The pandemic exacerbated the potential for many of the types of injury IPRCE addresses. Empty roads early in the crisis encouraged speeding and reckless driving that hasn’t abated. Isolation and job losses helped drive up rates of opioid misuse and overdose. Shelter-in-place orders made domestic violence victims more vulnerable. Older adults faced increased risk of falls. And many who injured themselves were reluctant to seek hospital care due to fears of contracting COVID-19.

During the pandemic, IPRCE worked with its agency partners on programs such as the virtual Falls-Free Fridays. Organizers demonstrated exercises for seniors and other ways of keeping themselves safe and preventing falls. “We also had a psychologist talk about the fear of falling, how that often increases people’s risk, and how they can overcome the fear of falling,” says Nieb.

“Our traumatic brain injury task force identified higher rates of head trauma in intimate partner violence patients than other populations,” says Rupp. “So they started implementing screening and referral to services for traumatic brain injury—in particular mild traumatic brain injury, or concussion—at domestic violence shelters.”

At Grady Hospital, IPRCE member Mara Schenker, Emory professor of orthopaedic surgery, and her team are studying how life-care specialists can help patients after orthopedic trauma and surgery to manage their pain appropriately using opiate and non-opiate medications to make sure these patients don’t progress from opioid use to opioid use disorder.

IPRCE’s Drug Safety task force helped Georgia develop a strategic plan for its opioid response, and the center also advocated for passage of the state’s distracted driving law. IPRCE presented its research to the Georgia legislature as members were debating the merits of the law.
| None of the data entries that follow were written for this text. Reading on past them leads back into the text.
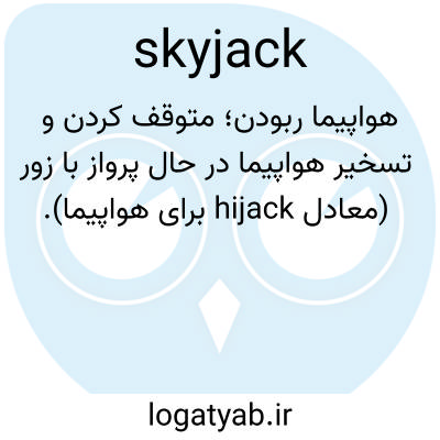 📌 ربودن (هواپیما)، به خصوص به منظور گروگان گرفتن مسافران و هواپیما برای باج گیری یا به دلایل سیاسی.
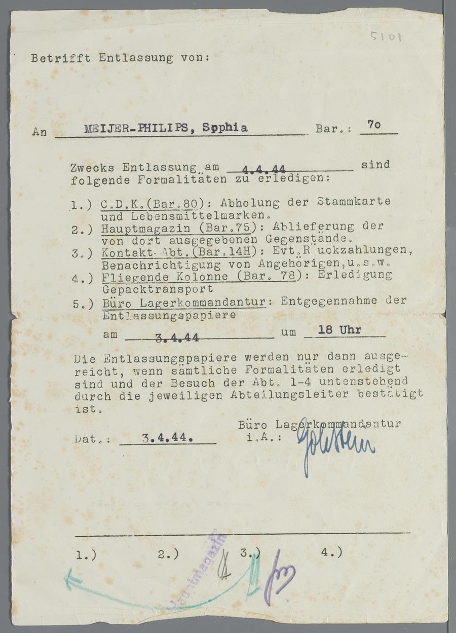 Formulier met de doorlopen procedures voor de vrijlating van Sophia Meijer-Philips uit Westerbork op 4 april 1944
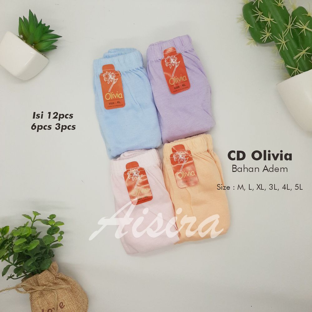 AISIRASHOP - Olivia Celana Dalam Wanita Dewasa Jumbo Polos Lusinan Bahan Katun Isi 12pcs 6pcs 3pcs
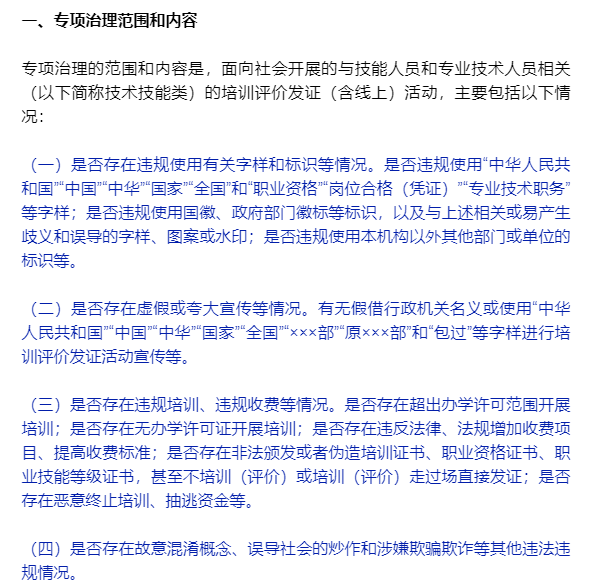 由此人社部将开展技术技能类“山寨证书”专项治理工作。具体治理范围和内容包括:违规使用有关字样和标识;虚假或夸大宣传;违规培训、违规收费,伪造培训证书,不培训直接发证;故意混淆概念、误导社会的炒作和涉嫌欺骗欺诈等其他违法违规情况。
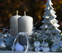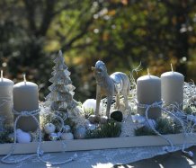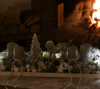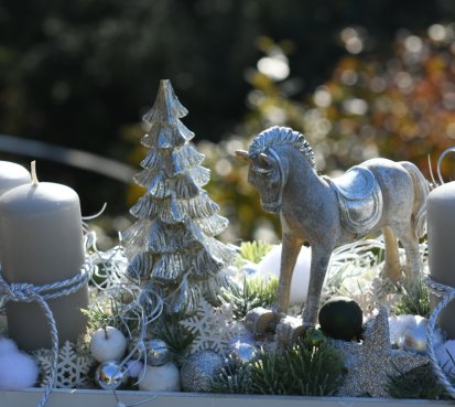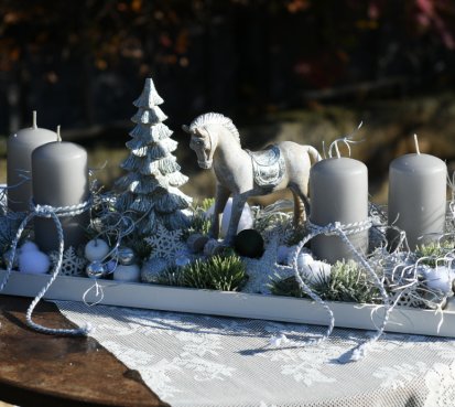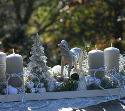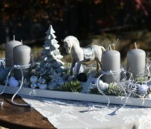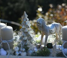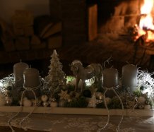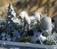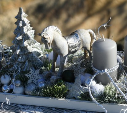 Velká luxusní dekorace je naaranžována na dřevěném podnosu, ozdobena velkým množstvím vánočních přízdob, vyměnitelné svíčky jsou na bezpečnostních bodcích. Krásný koník a stromeček jsou z polyresinu. Dekorace je podsvícena led světýlky

It’s doing the same type of research on e-scooter injuries in Atlanta to find out whether the city’s nighttime ban on riding has had a positive impact on injury prevention.

IPRCE executive committee member and Emory School of Medicine Chief Diversity and Inclusion Officer Sheryl Heron has studied and treated the impact of violence for more than 25 years as an emergency department physician. “Teen dating violence, gun violence—these are all the unfortunate realities of violence we are trying to address through scholarship, education, and research partnerships.” 

Heron worked with Randi Smith, Grady Hospital trauma surgeon and new IRPCE executive committee member on a partnership with Atlanta Mayor Andre Dickens’ office for the mayor’s inaugural Peace Week ATL. Smith pulled together the Grady Trauma Program, staffed by the Emory and Morehouse schools of medicine, along with IPRCE’s Violence Prevention Task Force to host a live Twitter discussion on the role of hospitals in implementing public health approaches to violence prevention.  

“We think of injuries as a ‘throughout the lifespan issue,’” IPRCE Director Rupp says. “There’s a causal relationship between childhood trauma, or what we call adverse childhood experiences, and behavioral outcomes—both in the near term and intermediate term, and then health outcomes in later adulthood.” IPRCE is working on ways to disrupt the cycle of adverse childhood experiences that lead to poor outcomes in terms of risk-taking and antisocial behaviors as well as substance abuse and other unhealthy lifestyle choices. That’s because, in terms of injury prevention, the familiar adage proves true. An ounce of prevention really is worth a pound of cure.